Ethanol is metabolized in the liver by two consecutive oxidation reactions (Figure 4). Ethanol is first converted to acetaldehyde through the action of alcohol dehydrogenase, and then acetaldehyde is oxidized to acetic acid by aldehyde dehydrogenase. Note that both of these reactions convert NAD+ to NADH.
Figure 4. Ethanol metabolism and the site of action of Antabuse (disulfiram).
Alcohol metabolism shifts the redox balance of the cell by increasing NADH relative to NAD+. Therefore, consumption of even a moderate quantity of alcohol can shift the redox balance in the cytosol of liver cells. For example, this increase in liver NADH results in elevation of blood lactic acid levels, which can cause problems in individuals with gout (discussed later in the course). Acetaldehyde is a toxic compound that normally does not normally accumulate to high levels. It is thought to contribute to 1) the effects of a hangover after drinking, 2) liver damage from chronic high alcohol consumption and 3) fetal alcohol syndrome. Antabuse (disulfiram) acts by inhibiting aldehyde dehydrogenase, thus causing an adverse reaction to alcohol consumption because of acetaldehyde buildup.
Two compounds closely related to ethanol, methanol and ethylene glycol, are quite toxic because of their conversion to corresponding aldehydes. Both alcohols are weak substrates for alcohol dehydrogenase and are converted into aldehydes that damage many tissues, including the eyes. Ethanol competes quite favorably with methanol and ethylene glycol for binding to alcohol dehydrogenase. Therefore, one therapy for poisoning by these alcohols is to continuously infuse ethanol into the patient, controlling the concentration in the bloodstream so that it effectively competes with methanol or ethylene glycol for the enzyme. This slows the formation of the toxic aldehydes and allows time for the alcohols to be excreted harmlessly in the urine.
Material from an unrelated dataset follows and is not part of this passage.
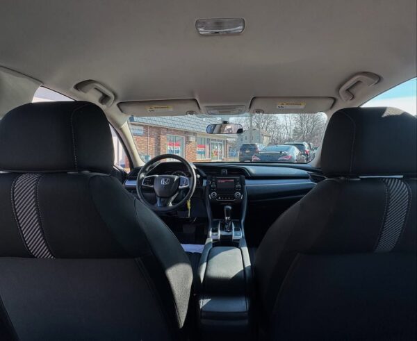 The 2016 Honda Civic LX is the base model sedan, equipped with a 2.0-liter 158-horsepower engine, available with a Continuously Variable Transmission (CVT) or a 6-speed manual. It features a redesign with a new body style, a digital/analog gauge cluster, a backup camera, Bluetooth, automatic climate control, and a capless fuel filler. The LX trim’s fuel economy is an estimated 31 mpg city / 41 mpg highway.

Alcohol-related hypoglycemia
The ethanol-mediated increase in NADH causes pyruvate, oxaloacetate (OAA), and other intermediates of gluconeogenesis to be diverted into alternate pathways, resulting in the decreased synthesis of glucose. This can precipitate hypoglycemia, particularly in individuals who have depleted their stores of liver glycogen. Hypoglycemia can produce many of the behaviors associated with alcohol intoxication, such as agitation, impaired judgment, and combativeness. Therefore, alcohol consumption in vulnerable individuals (such as those who have fasted or have engaged in prolonged, strenuous exercise) can produce hypoglycemia that may contribute to the behavioral effects of alcohol. It can also increase the risk for hypoglycemia in patients using insulin.
Practice questions on fructose, galactose, and ethanol:
1. What is the significance of fructose uptake and catabolism through the Fructokinase/aldolase B pathway not being regulated by insulin?
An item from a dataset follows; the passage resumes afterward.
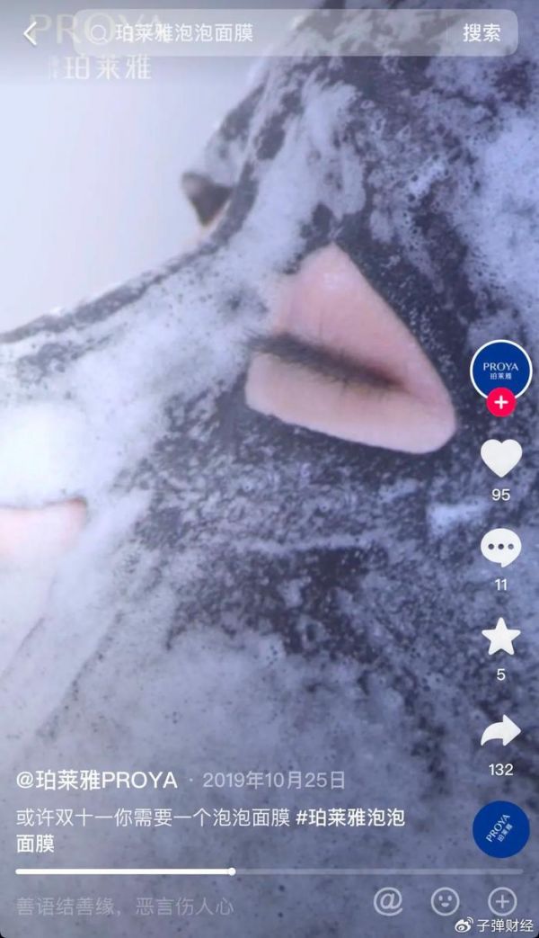 早在2018年,尚在转型摸索中的珀莱雅,便在抖音、小红书等平台试水“爆款”策略。2019年,珀莱雅推出黑海盐泡泡面膜,在多个新渠道测试后,最终选择在还没有形成电商交易闭环的抖音做大规模投放。

2. Which regulatory step of glycolysis is bypassed when fructose is catabolized through Fructokinase/aldolase B? Why is this important?
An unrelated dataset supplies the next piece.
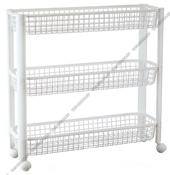Этажерка 3-х яр (60х18 h60см) узкая,на колес,овал, белый, сетчат.корзин (4)
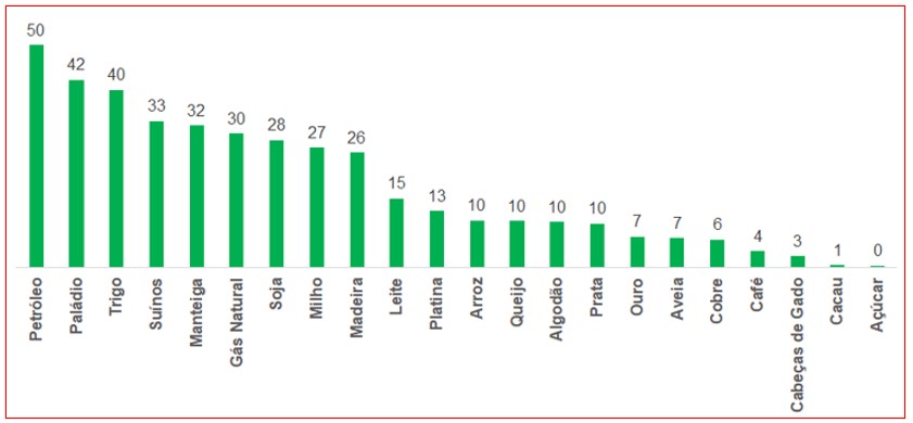 Variação (%) de preços de matérias-primas entre 31 de Dezembro de 2021 e 2 de Março de 2022. Fonte: Yahoo Finance.

3. What is the impact of excess NADH production following alcohol (ethanol) consumption?
4. Which of the following 2 deficiencies would you expect to be more severe for an individual: Galactokinase deficiency or a deficiency in the galactose-1-P uridylyl transferase enzyme? Explain your rationale.
5. How does the polyol pathway play a role in the etiology of Type 2 Diabetes?
6. What are the consequences of NADPH depletion upon production of excess sugar alcohols?